##### Collected data

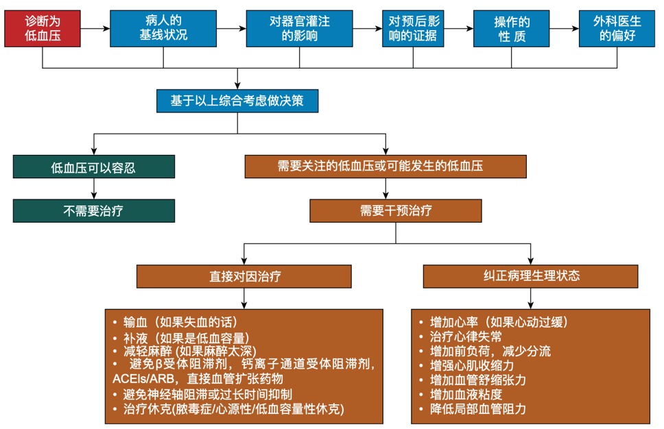 低血压有不同的病理生理机制,对器官灌注和急重症病人的影响也不同。低血压并不总是导致器官灌注不足;事实上,它可能不影响甚至可能增加器官灌注,这取决于灌注压力和RVR以及压力自动调节之间的相对变化。在解释现有的结果证据时,应认识到它们的各自偏见和局限性。总体而言,RCT证据并不支持较高的血压目标总是导致改善预后的观点。低血压的管理可遵循诊断-决策-干预的流程图,在不同的临床情况下对不同的病人群体使用一个阈值来定义低血压是很难的。在处理低血压时,必须考虑血压对器官的灌注效果,而不是专注于一个固定的血压值。治疗或不治疗低血压是一个复杂的决策过程,需要考虑到病人的基线状况、对器官灌注的影响、预后证据和手术的性质。治疗遵循两种方法:治疗直接原因或纠正导致低血压的潜在血流动力学变化。这两种方法有时可能会重叠在一起。因此,重点是血压的基本病理生理学的异质性,对器官灌注的影响和病人的预后。
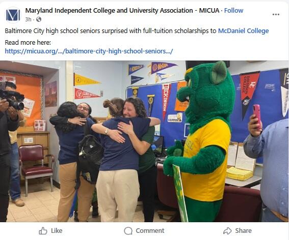 • Baltimore City high school seniors surprised with full-tuition scholarships to McDaniel College
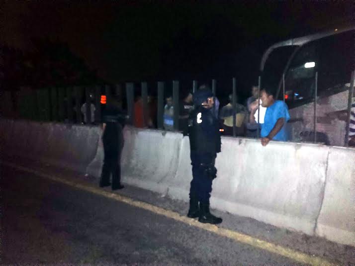 Policías rescatan a familia Chiapaneca y reparten víveres entre viajeros.
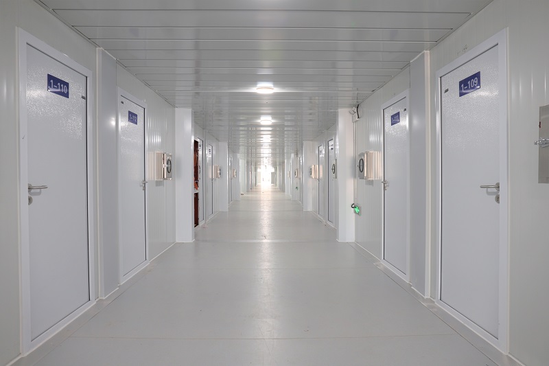 项目概况:九游登陆入口健康驿站(高新)选址位于承德附属医院南院区北侧,总占地面积70亩,规划建设集装箱房1733间(含连廊间),其中,隔离房间 971 间(1003张床位);功能用房269间;其他(廊道、楼梯间)493间。工程布局为四排三组团,地上两层集装箱结构。功能分区有隔离房11栋、办公用房3栋、综合用房1栋。总建筑面积31064㎡,其中隔离用房总建筑面积27586㎡,办公用房2001㎡,综合服务用房1086㎡,其他配套设施(门卫、垃圾暂存间、污水处理、化粪池等设施)300㎡。

##########

:: Instructions to follow ::
Without the pictures, retype the whole of the material above exactly.

:: Answer to this task ::
 低血压有不同的病理生理机制,对器官灌注和急重症病人的影响也不同。低血压并不总是导致器官灌注不足;事实上,它可能不影响甚至可能增加器官灌注,这取决于灌注压力和RVR以及压力自动调节之间的相对变化。在解释现有的结果证据时,应认识到它们的各自偏见和局限性。总体而言,RCT证据并不支持较高的血压目标总是导致改善预后的观点。低血压的管理可遵循诊断-决策-干预的流程图,在不同的临床情况下对不同的病人群体使用一个阈值来定义低血压是很难的。在处理低血压时,必须考虑血压对器官的灌注效果,而不是专注于一个固定的血压值。治疗或不治疗低血压是一个复杂的决策过程,需要考虑到病人的基线状况、对器官灌注的影响、预后证据和手术的性质。治疗遵循两种方法:治疗直接原因或纠正导致低血压的潜在血流动力学变化。这两种方法有时可能会重叠在一起。因此,重点是血压的基本病理生理学的异质性,对器官灌注的影响和病人的预后。
 • Baltimore City high school seniors surprised with full-tuition scholarships to McDaniel College
 Policías rescatan a familia Chiapaneca y reparten víveres entre viajeros.
 项目概况:九游登陆入口健康驿站(高新)选址位于承德附属医院南院区北侧,总占地面积70亩,规划建设集装箱房1733间(含连廊间),其中,隔离房间 971 间(1003张床位);功能用房269间;其他(廊道、楼梯间)493间。工程布局为四排三组团,地上两层集装箱结构。功能分区有隔离房11栋、办公用房3栋、综合用房1栋。总建筑面积31064㎡,其中隔离用房总建筑面积27586㎡,办公用房2001㎡,综合服务用房1086㎡,其他配套设施(门卫、垃圾暂存间、污水处理、化粪池等设施)300㎡。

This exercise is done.